Kenaikan UKT tersebut, adalah buntut dari Keputusan Menteri Pendidikan, Kebudayaan, Riset, dan Teknologi (Mendikbudristek) tahun 2024 yang mengeluarkan kebijakan baru tentang standar satuan biaya operasional pendidikan tinggi.
Atas kebijakan Mendikbudristek, USU langsung mengeluarkan Keputusan Rektor tentang tarif UKT yang naik.
"Kenaikan UKT tidak mencerminkan pendidikan dan tidak bisa dinikmati oleh orang miskin. Pihak kampus yang berwenang dalam mengambil kebijakan ini harusnya lebih mengedepankan empati sebelum mengambil kebijakan tersebut," kata Rizki.
Rizki menyoroti, jika kampus hanya melihat mahasiswa secara norma hukum, tanpa melihat norma etika.
Terlebih dikatakannya jika tidak ada ruang untuk mahasiswa dalam mempertimbangkan kebijakan-kebijakan yang ditetapkan.
"Sampai sekarang tidak ada transparansi alokasi anggaran ataupun laporan keuangan USU. Dan sampai saat ini belum ada pula sosialisasi tahapan untuk pengajuan banding UKT. Seakan-akan ditutup dan dipersulit untuk pengajuan banding," katanya.
Rizki yang juga merupakan Founder Pendidikan Pemimpin itu menilai jika sampai saat ini belum ada dampak yang signifikan terhadap penambahan UKT yang dilakukan pada tahun 2022 sebelumnya.
Kemudian, ia menyoroti pula peran Majelis Wali Amanat (MWA) kampus yang tidak dapat menjadi lembaga pengawas yang baik.
"MWA sebagai pengawas juga seakan diam dan menyetujui kenaikan UKT saat ini. Kalau USU menyesuaikan besaran UKT melalui kebijakan kemendikbudristek, artinya USU meniadakan norma etika dan justru mementingkan aspek hukum yang buta akan keadilan," ungkapnya.
Di samping aksi mahasiswa USU di depan Biro Rektor, Rizki yang dahulunya berperan aktif di BEM USU tahun 2021/2022 mengatakan dengan tegas jika USU harus memperhatikan mahasiswa yang merasa keberatan dengan penggolongan UKT.

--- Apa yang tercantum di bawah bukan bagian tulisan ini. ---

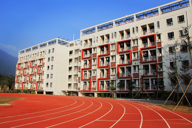 學校教學、運動及生活三大區(qū)域劃分合理,相對獨立。學校實行全寄宿封閉式精致管理,現(xiàn)有5棟學生宿舍樓;擁有雙層體育館,400米8道標準田徑場,各類體育場地面積共計24000平方米;擁有高端報告廳、音樂廳、會議廳、千人會堂、面朝大海的美術(shù)樓、音樂樓、信息樓和2000平方米藏書豐富的圖書館,圖書10萬余冊;擁有3個深圳市A類師生食堂,菜式品種豐富,營養(yǎng)可口,安全放心,可供3000人同時用餐。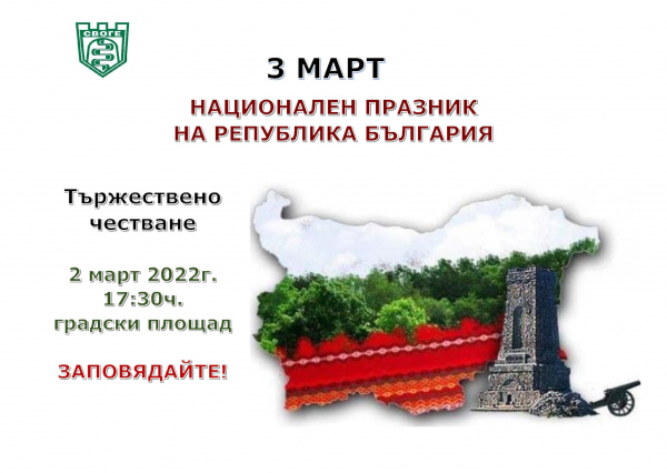 Мероприятието ще се проведе на 02.03.2022 г. от 17:30 ч. на градски площад.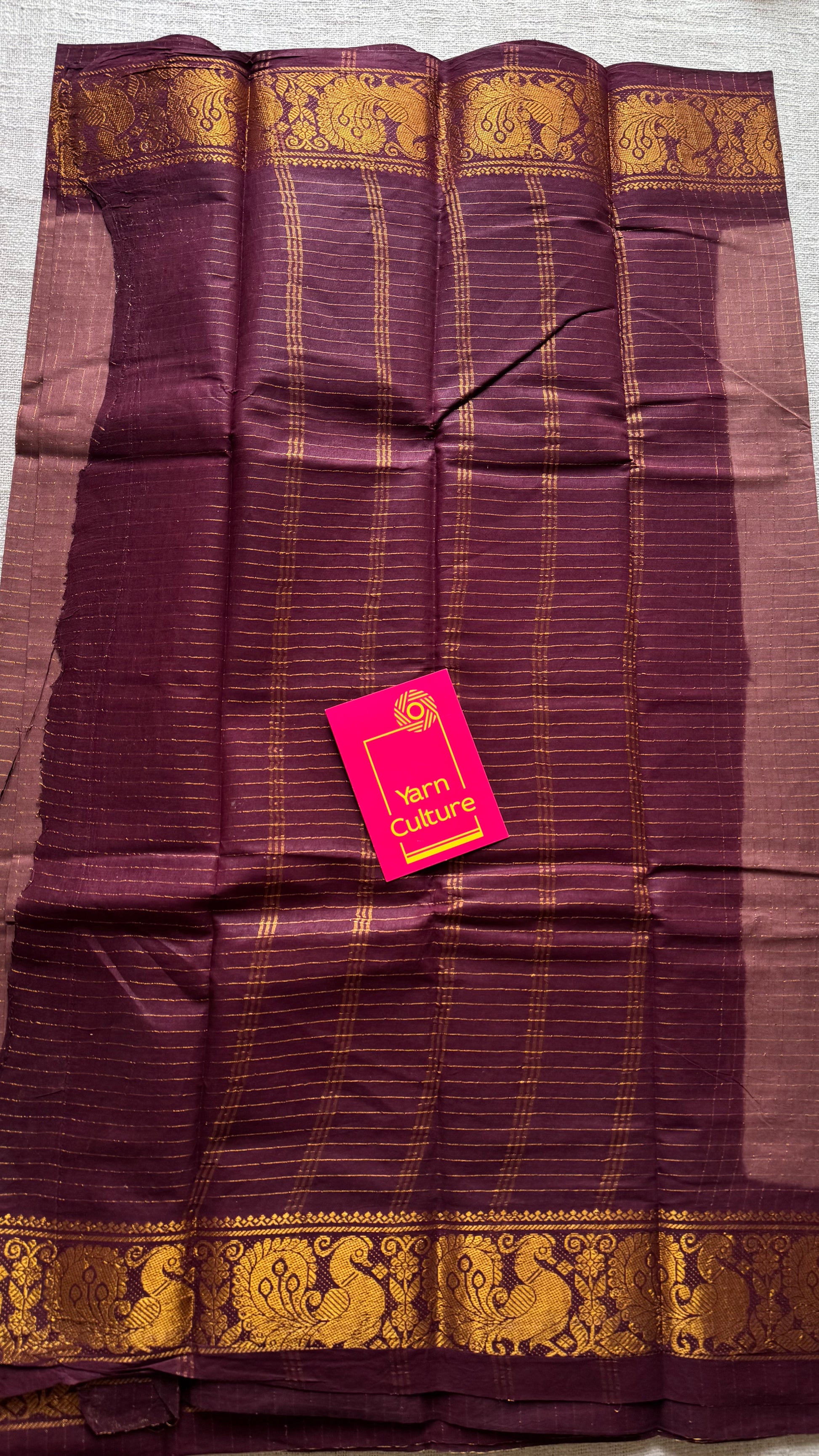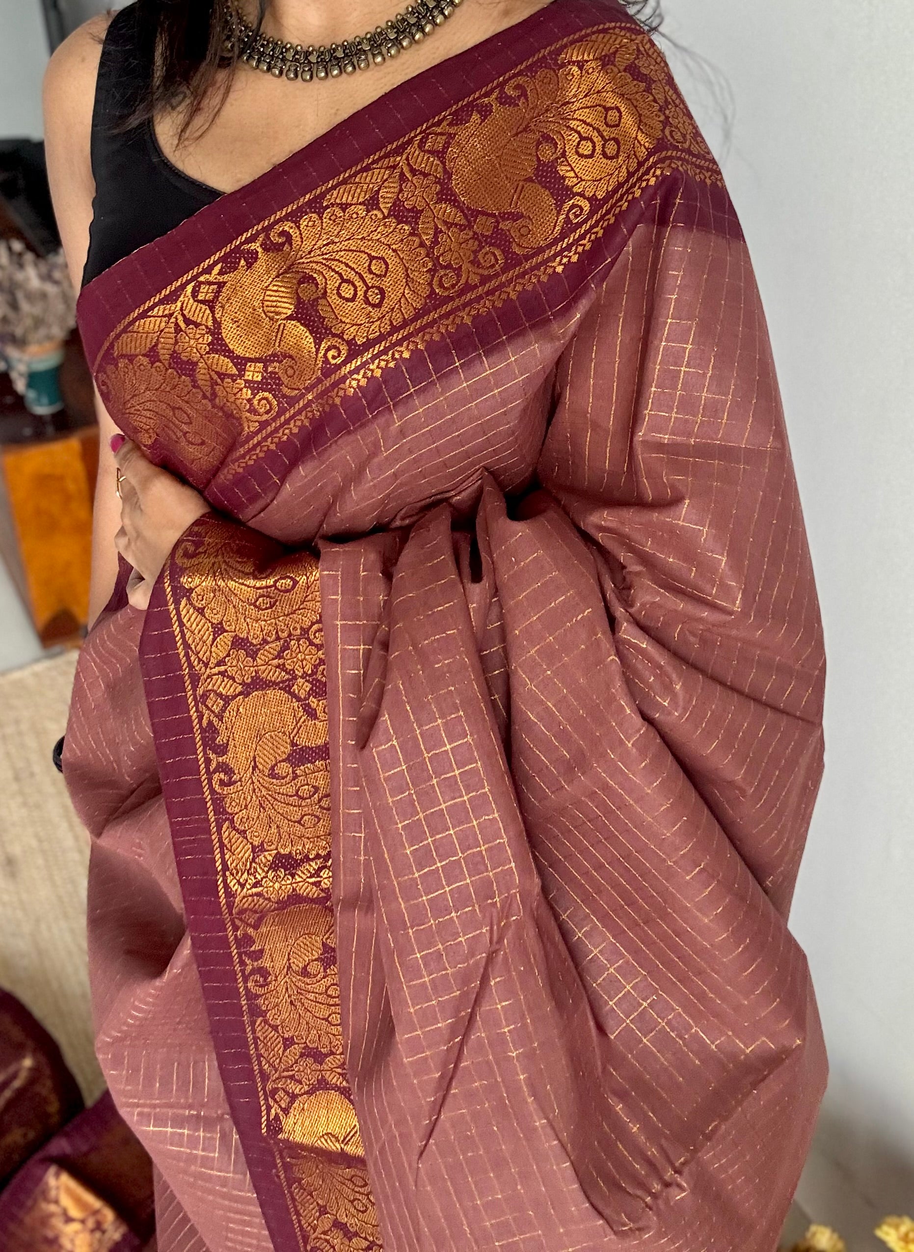 Light brown with maroon sungudi, kattuchayam dyed, soft madurai cotton, no blouse.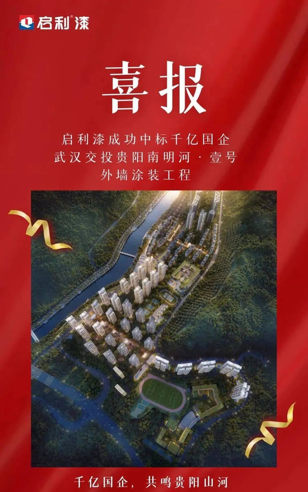 启利漆成功携手绿地控股旗下贵州建工集团助力千亿国企武汉交投贵阳南明河·壹号外墙涂装工程,外墙立面采用启利质感涂料系列产品,总建筑面积超110万方。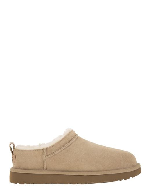 The Classic Micro reinvents the beloved Classic boot with a new low-profile design (and extraordinary comfort). It features a genuine suede upper lined with ultra-soft sheepskin, a material that naturally regulates temperature, allowing you to choose whether to wear socks or not. The lightweight EVA sole made from sugar cane provides natural support and makes it as comfortable as a slipper. - Suede or suede upper with topical water repellent treatment or water-resistant suede - Back pull tab - Sheepskin lining (10 mm), sheepskin lining (17 mm) - Sheepskin insole (17 mm) - Sugarcane EVA sole - Fabric trim made from recycled polyester fibres (100%) - Fabric label with UGG® logo on the insole, leather label with embossed UGG® logo on the heel - This product is made with real sheep or lamb fur DESIGNER ID: 1173891 SANSpecificationValueYear2025SeasonFALL / WINTERMaterialsUpper: Suede Lining: Sheepskin Sole: EVA from sugar caneColorSANDColor CodeSANMade InVietnamMeasuresSole height: 3 cmGenderWomenSize FormatUS Colour: brown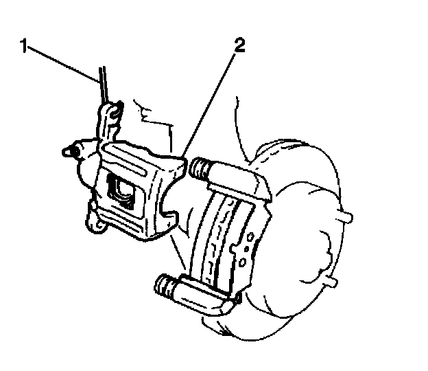 3. Remove the brake caliper housing (2) and the brake caliper bracket.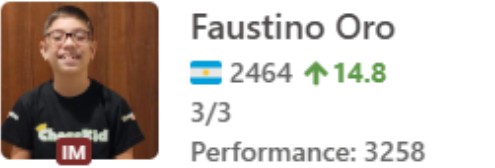 11-летний аргентинский шахматист Фаустино Оро выполнил свою первую норму гроссмейстера. В более юном возрасте это удавалось сделать только Гукешу Доммараджу.

"Penjelasan mengenai golongan UKT harus menjadi wujud transparan, karena saat ini banyak mahasiswa yang merasa keberatan dengan golongan yang didapatnya," ujar Rizki.
:quality(30):format(webp):focal(0.5x0.5:0.5x0.5)/medan/foto/bank/originals/Mahasiswa-melakukan-aksi-terkait-kenaikan-uang-kuliah.jpg)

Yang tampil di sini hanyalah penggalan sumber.